The question then is, what was the effect on the act of 1842 of the act of 1889, which repealed the first section of the act of 1700?

By the repeal, the rights of landowners and owners of cattle are left as they were at common law before 1700. That is, the owner of cattle must now fence them in, or he is answerable in damages for their trespasses. But that affects not the correctness of the assumption in the act of 1842, that between adjoining landowners, a partition fence is needful, and will be built. Nevertheless, by the repeal, the changed purpose of the fence has transferred the liability, in such cases as the one before us, from the one damaged to the owner of the cattle doing the damage. Before the repeal, the complaining plaintiff, to recover, must show that he had maintained a “ sufficient ” fence, for it was his duty to fence out; since the repeal, the responding de*398fendant, the owner of the cattle, must show, to prevent a recovery, that he, by a “ sufficient ” fence kept them in or tried to. It is the defendant now who is confronted with the act of 1842. The question to be put to him,' is: Under that act, did you construct a division fence sufficient to keep your cattle off your neighbor? If you did not, you must answer in damages; and this without regard to the liability for the cost of a division fence. It was his duty to have a sufficient fence, whether his neighbor built one or half of one. If he wanted his neighbor to share with him the cost, the method of enforcing contribution is yet plainly pointed out to him in the act of 1842. Viewers can still determine whether the fence is “ sufficient ” from the character and purpose of the structure, and can still assess and certify what proportion of the cost should be paid by the delinquent neighbor. As it is clearly right that this act should remain in force, because the assumption that partition fences are needful and will be built, in the act of 1842, was based on known facts which will continue to exist indefinitely in the future, it may be presumed the legislature of 1889 had this in mind when they passed the repealing act. Seeing no such connection or interdependence between the two acts, as called for saving words for the second, and realizing that the act of 1842 would not fall by the repeal of that of 1700, they refrained from saying anything on the subject of partition fences in the repeal.

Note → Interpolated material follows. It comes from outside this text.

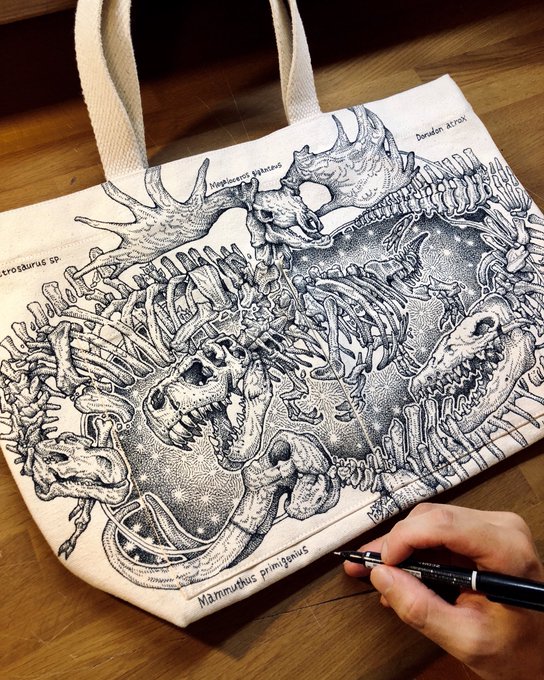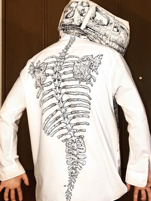 自分で描いておいてなんだけど背骨シャツと恐竜トートバッグ、カッコ良くない?
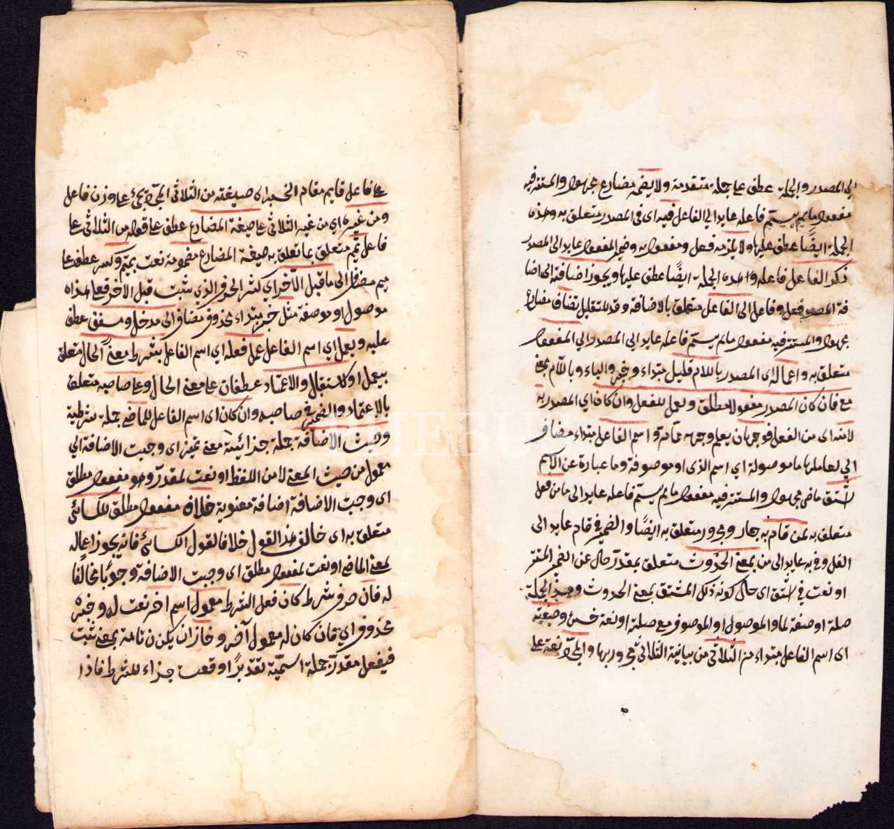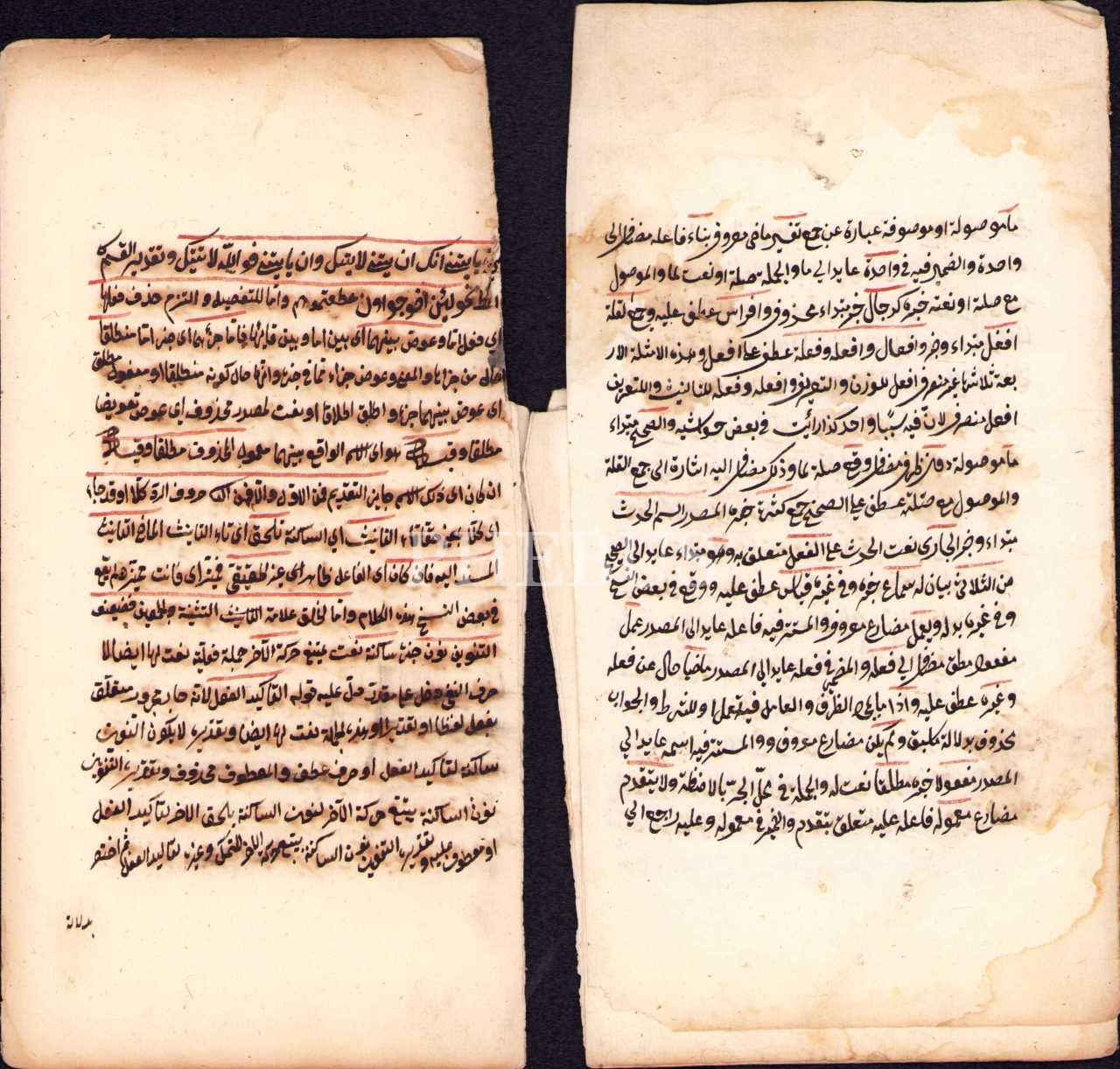 Arapça Dilbilgisi Yazması, 14 varak, 11x22 cm, sayfalar ayrık ve sol üst köşeden kesilmiş haliyle, baştan ve sondan eksik

If, as is certain, they will be built, there is every reason why each owner should continue to equitably share the cost, for each shares the benefit.

So, while the learned judge properly held the act of 1842 was not repealed by the act of 1889, because there is no inconsistency between the two, we think he erred in holding that the liability for damage remained the same. In substance, he instructed the jury that if Barber had not, by a sufficient partition fence, barred out Mensch’s cattle, he could not recover. He should have instructed them, if Mensch had not, by a sufficient partition fence, kept them in, his defence failed, and Barber had a right to recover such damage as he sustained.

This in effect disposes of the whole contention between the parties. The judgment is reversed and a new trial awarded.